Zing Forum

Reading

HDM-HMM: A New AI Detection Method for Mixed Authorship Based on Sequential Stylometry

HDM-HMM is an innovative AI detection method for mixed-authorship documents. It achieves word-level author inference using a Hierarchical Dirichlet-Multinomial Hidden Markov Model, reducing the error rate by over 40% compared to traditional methods when detecting text co-created by humans and AI.

HDM-HMMAI检测混合作者身份风格计量学隐马尔可夫模型功能词序列标注文本取证学术诚信贝叶斯层次模型
Published 2026-03-30 06:45Recent activity 2026-03-30 06:50Estimated read 6 min
HDM-HMM: A New AI Detection Method for Mixed Authorship Based on Sequential Stylometry
1

Section 01

HDM-HMM: Introduction to the New AI Detection Method for Mixed Authorship

HDM-HMM is an innovative AI detection method for mixed-authorship documents (co-created by humans and AI). It achieves word-level author inference using a Hierarchical Dirichlet-Multinomial Hidden Markov Model. Treating detection as a sequence labeling problem, this method addresses the failure of traditional binary classification methods in real-world mixed scenarios, reducing the error rate by over 40% compared to traditional methods and providing a new tool for maintaining academic integrity and information authenticity.

2

Section 02

Practical Challenges in Mixed Authorship Detection

Most existing AI-generated text detection methods are based on the binary classification assumption of 'completely human or completely AI', which works in labs but faces challenges in reality. A large number of documents have mixed authorship (humans write part of the content + AI generates/modifies/continues writing), such as book reviews where the opening is human thoughts plus AI summary, or reports where humans build the framework plus AI fills in details. Traditional overall detection cannot locate AI segments.

3

Section 03

Technical Framework and Core Innovations of HDM-HMM

HDM-HMM treats detection as a sequence labeling problem (each word is labeled as human/AI), using the Hidden Markov Model (HMM) as the basic framework and introducing Hierarchical Dirichlet-Multinomial modeling to solve the data sparsity problem.

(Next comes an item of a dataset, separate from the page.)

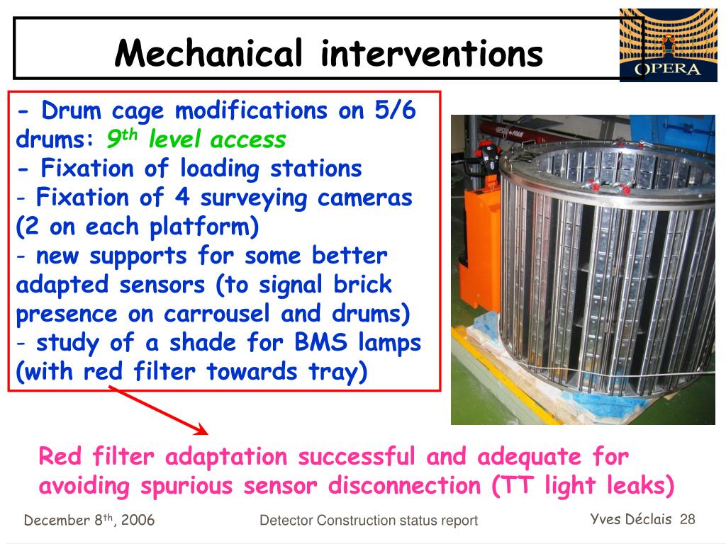 Mechanical interventions • - Drum cage modifications on 5/6 drums: 9th level access • - Fixation of loading stations • Fixation of 4 surveying cameras (2 on each platform) • new supports for some better adapted sensors (to signal brick presence on carrousel and drums) • study of a shade for BMS lamps (with red filter towards tray) Red filter adaptation successful and adequate for avoiding spurious sensor disconnection (TT light leaks) Detector Construction status report

It uses function words (200 categories including articles, conjunctions, etc.) as features, balancing stability and interpretability; it achieves word-level inference and boundary detection through the Viterbi algorithm, capturing writing style switching patterns.

4

Section 04

Experimental Design and Comparative Results

The experiment constructed a mixed-authorship dataset (Amazon book review human segments + GPT continuation), setting three scenarios: balanced mixing, short AI segments, and AI-dominated. The comparison baselines include Multinomial HMM, rolling stylometry methods, GPT-2 perplexity, etc. Results show that HDM-HMM has the lowest error rate: 4.4% for balanced mixing, 5.1% for short AI segments, and 3.2% for AI-dominated, which is about 40% lower than Multinomial HMM and over 60% lower than the best rolling method.

5

Section 05

Analysis of Advantages and Limitations of HDM-HMM

Advantages: Sequence modeling uses context to improve boundary judgment accuracy; Hierarchical Dirichlet prior regularization enhances robustness; Function word features provide interpretability. Limitations: Dependence on fixed function word lists may not apply to some languages/domains; Only supports human/AI binary categories; High computational cost for long documents.

6

Section 06

Practical Application Scenarios of HDM-HMM

In the field of academic integrity, it can carefully assess the degree of AI assistance in students' homework; In the news and publishing field, it can detect undeclared AI content in submissions; In legal forensics, it can assist in document authorship analysis; In AI security research, it can promote the progress of attack and defense technologies.

7

Section 07

Research Significance and Prospects of HDM-HMM

HDM-HMM achieves the transformation from document classification to word-level sequence labeling, from black-box models to interpretable probabilistic models, and from single-author to mixed-authorship assumptions. It not only improves detection accuracy but also deepens the understanding of human-AI collaborative writing, providing a tool to answer the question of 'the respective contributions of humans and AI'.